Just to probe the limits of what’s possible (note I don’t say “useful”), I doubled the resolution of my underlying problem, which leads to needing to solve for ~50000 unknowns. While this would technically run on my workstation once I’d added some more 10s of GBytes of swap, it seemed more prudent to use some HW with adequate RAM, and so I kicked it off on an AWS EC2 High-Memory Quadruple Extra Large… where it has been grinding away for the last 14 hours (hey, spot instances are cheap) and it’s impossible to tell how far through it is.

Unfortunately, I’ve no idea what the time complexity of the solvers involved is (my google-fu failed me on this one). If it’s O(N^2) then I’d have expected it to be done after around 4 hours; if it’s O(N^3) then maybe it’ll be done in 16 hours. Of course that’s interpreting N as the number of unknowns – which has quadrupled – the number of elements in the matrix has increased by a factor of 16!

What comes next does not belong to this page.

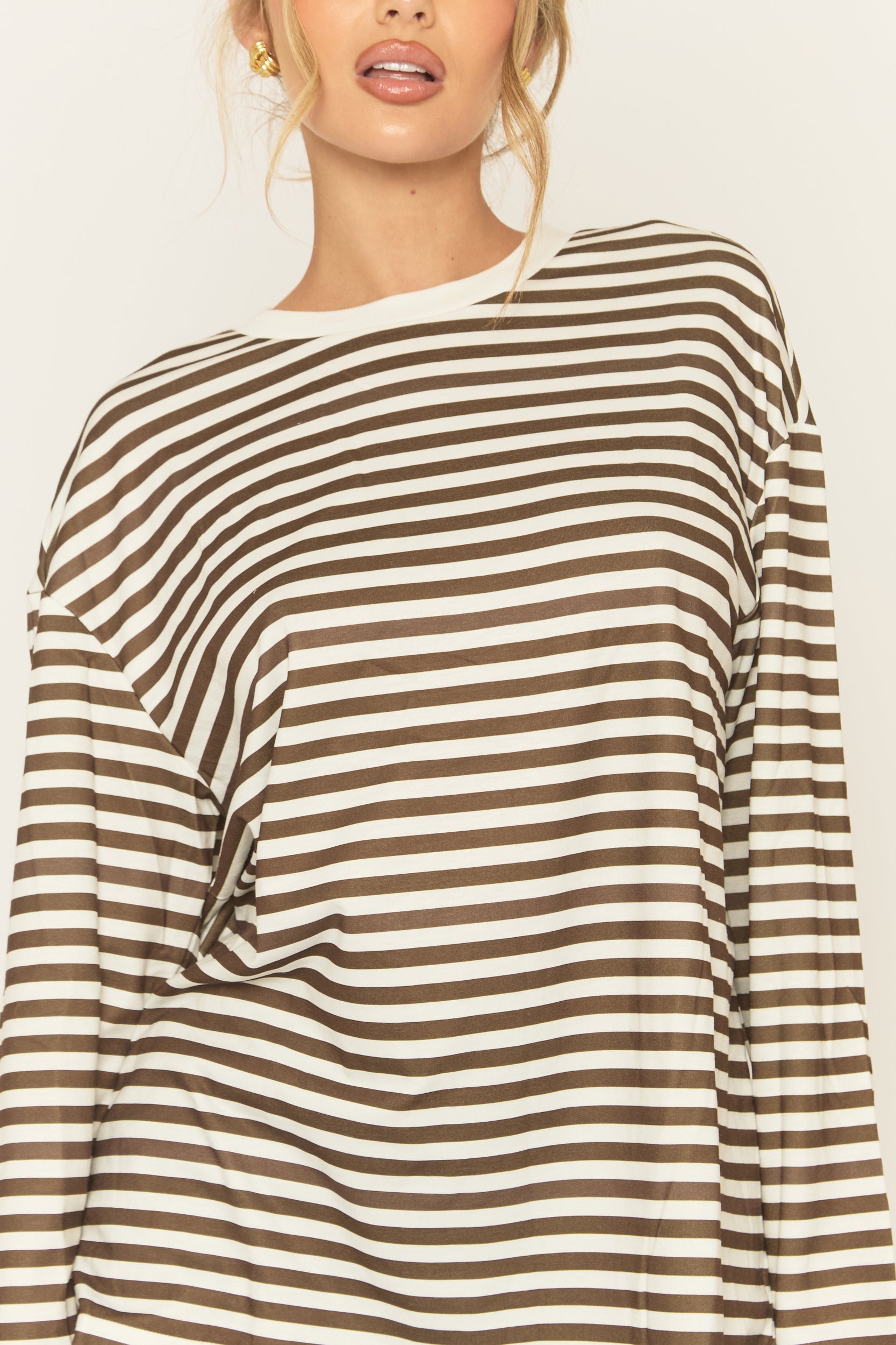 Brown Stripe Long Sleeve Crew Neck Top - Sabira

And advice which will help me determine whether this has any chance of completing in my (project’s) lifetime or not gratefully received!

Other info:

Sparse matrices aren’t of interest here (my matrix is dense, and in any case scipy’s don’t work with more than 2**31 non-zero elements even on 64-bit).

I’m using Debian/Squeeze’s scipy on the workstation, Ubuntu 12.04 on EC2. Both 64-bit obviously.